Still, Crowley, Davies and other Democratic insiders said the party’s gains in the 2004 state Senate elections guarantee that more campaign money will be available for Democratic Senate candidates in potentially competitive districts. In addition to the Westchester seat they almost won, Democrats see pickup possibilities in Queens and on Long Island, where several older incumbents may be contemplating retirement. Some might find themselves endangered even if they do seek re-election.
Quietly, New York Democrats are talking about which Republican House Members could be vulnerable if Congressional boundaries are redrawn.
Although the Democrats already hold a 20-9 edge in the delegation, Republican Reps. Peter King, Vito Fossella and Sue Kelly are among those who could be endangered. And certain upstate Republicans could be thrown into the same district depending on how artfully new lines are drawn.
Crowley said he is working to put the New York option on the radar screen for Democratic leaders on Capitol Hill. And he said an important first step in Democrats’ efforts to draw national attention to the importance of the state elections will be the outcome of the New York City mayoral race later this year.
Like the governor’s seat, Republicans have occupied the mayor’s office for more than a decade — an anomaly in one of the nation’s most liberal cities. While billionaire Mayor Michael Bloomberg (R) has unlimited personal resources and rising poll numbers, the four candidates seeking the Democratic nomination are already working overtime to tie the mayor — a former Democrat with a moderate policy agenda — to President Bush, who remains unpopular in the city.

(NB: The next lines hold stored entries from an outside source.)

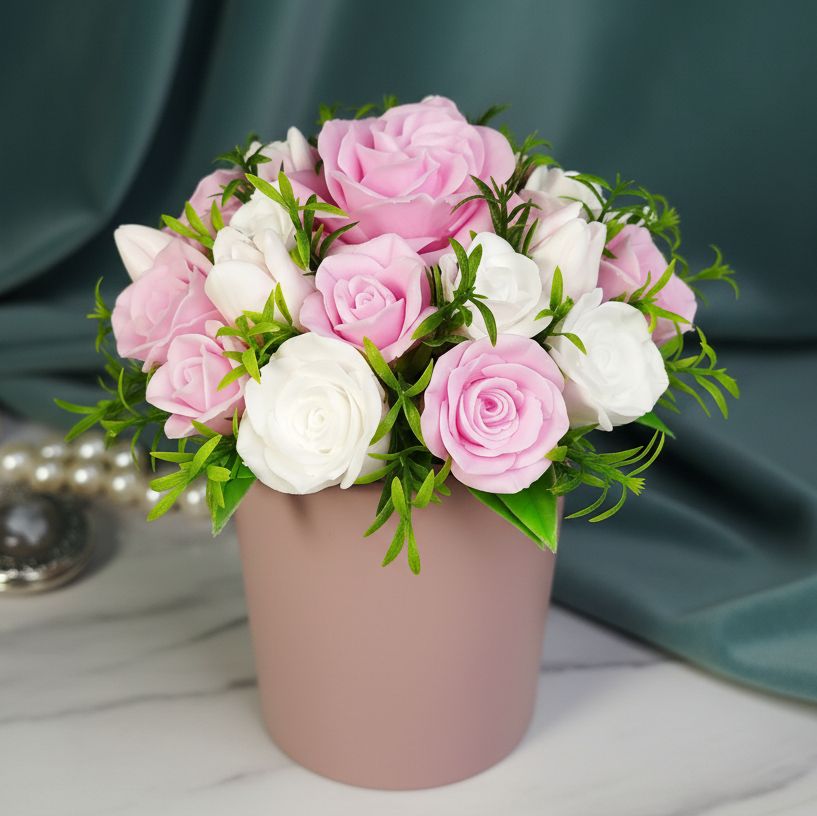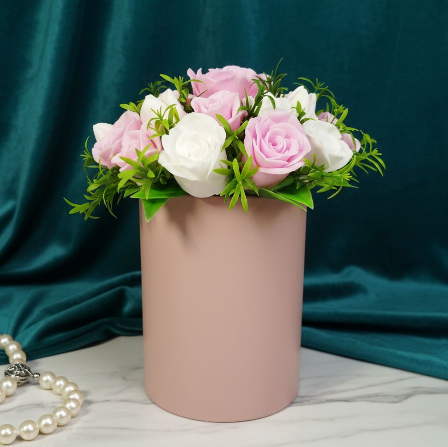 Собранный из нежных розовых и белоснежных роз в высокой шляпной коробке, он символизирует чистую красоту и возвышенные эмоции. Каждый цветок — это шаг к вершине, а весь букет — триумф вашей любви и признательности.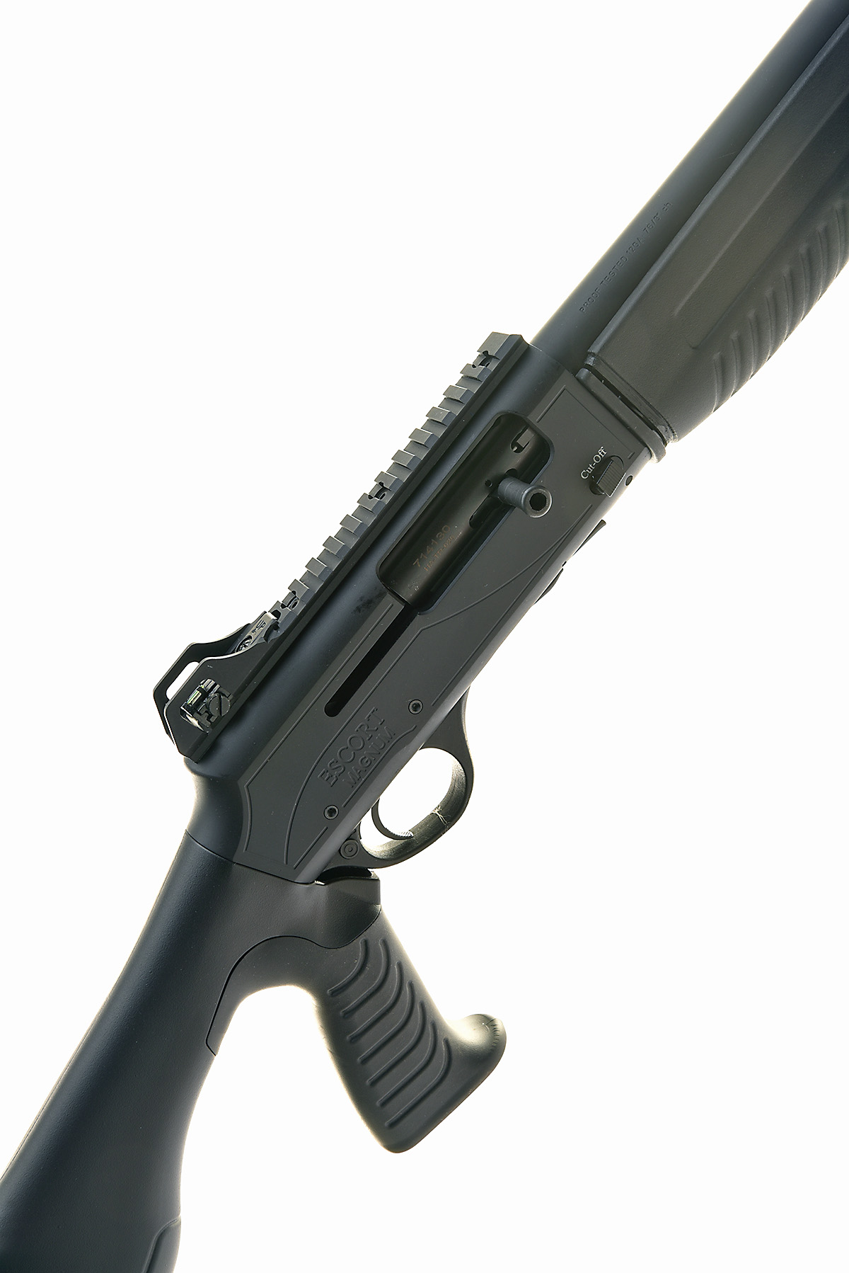 A LIGHTLY-USED F.A.C. HATSAN 12-BORE (3IN.) 'ESCORT MAGNUM' TACTICAL SEMI-AUTOMATIC SHOTGUN, serial no. 714130, for 2020, extended tubular magazine, 24in. high-performance steel-shot proved nitro barrel, raised high-visibility fore-sight, 3in. chamber, multichoke (with spares), receiver fitted with a picatinny rail with high-visibility battle rear sight, detachable carry handle, manual push-button safety, magazine cut-off switch, enlarged bolt charger handle, 14 1/4in. synthetic pistolgrip stock including rubber recoil pad, the butt with provision for two shotgun cartridges, the whole in matt black finish, weight 8lb. 2oz., in its maker cardboard carton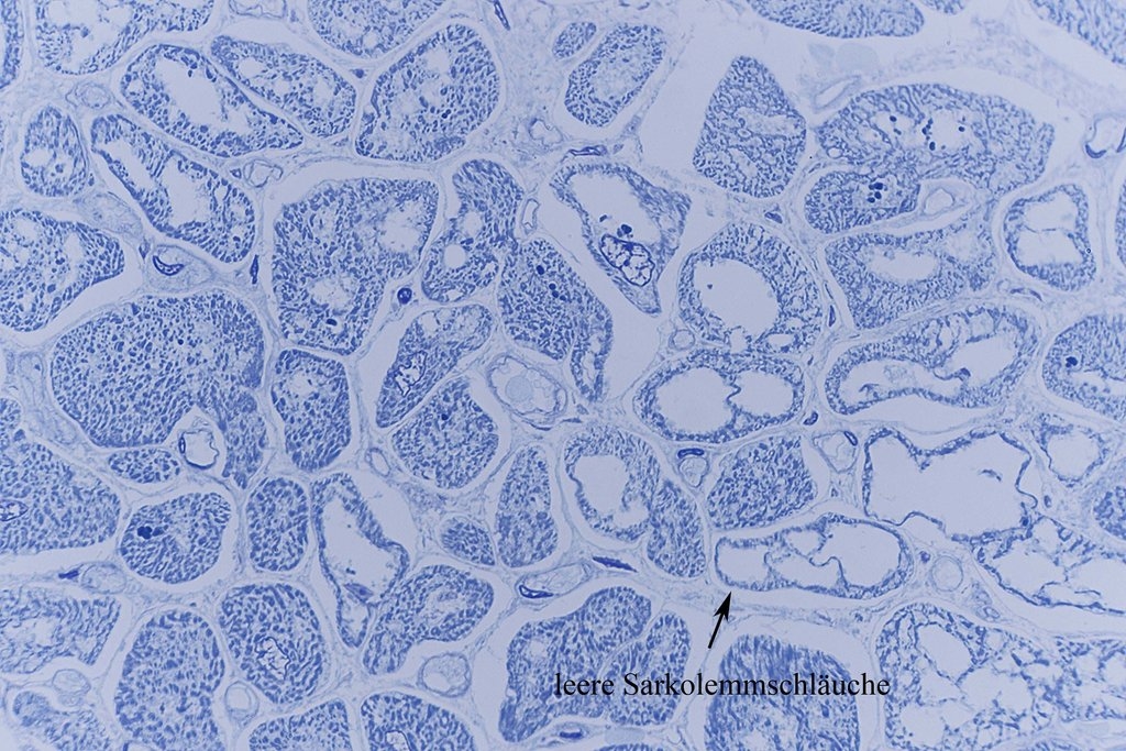 Zerfall der Muskelfasern, leere Sarcolemmschläuche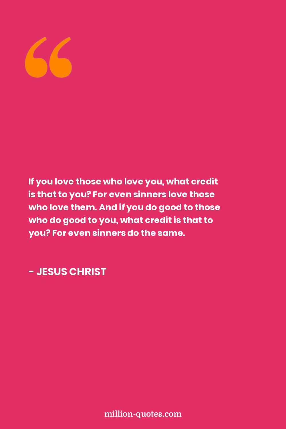 If you love those who love you, what credit is that to you? For even sinners love those who love them. And if you do good to those who do good to you, what credit is that to you? For even sinners do the same.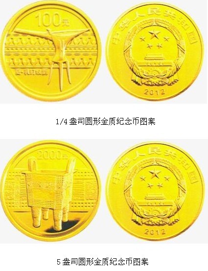 中国人民银行于2012年8月31日发行了第一组青铜器纪念币。该套纪念币共5枚,其中金币2枚,银币3枚,分为正面与背面图案。其中,正面图案有中国国徽,国名、年号。而背面图案造型各式各样,设计各具特色。如:1/4盎司圆形金质纪念币图案为夏代乳钉纹爵,衬以该器物乳钉纹样等装饰组合设计,并有“夏代乳钉纹爵”字样和面额。5盎司圆形金质纪念币图案为商代兽面纹方鼎,衬以该器物兽面纹样等装饰组合设计,并有“商代兽面纹方鼎”字样及面额。这些纪念币,上刻象物,是上古人们崇敬神灵的图腾。蕴含了人们对自然资源敬畏,祈福安康的精神寄托。价值意义深刻,积极影响透彻。

Meanwhile, as Democrats dream of redrawing Congressional lines to their advantage in New York, a Democratic state Assemblyman is about to introduce a bill to take the responsibility for redistricting out of the Legislature’s hands.
Assemblyman Michael Gianaris wants a nine-member bipartisan commission to draw Congressional and legislative lines every decade. The majority and minority leaders of both legislative chambers would each appoint two members, and their eight appointees would select a ninth member to be chairman.
“The idea is create more of a balance and more of an open process,” Gianaris said.
Although several good-government groups are poised to endorse the measure, it is unlikely to get very far in Albany this year. Some political observers believe that Gianaris, who is preparing to run for state attorney general in 2006, is introducing the bill in part to burnish his reformer’s credentials in advance of his statewide race.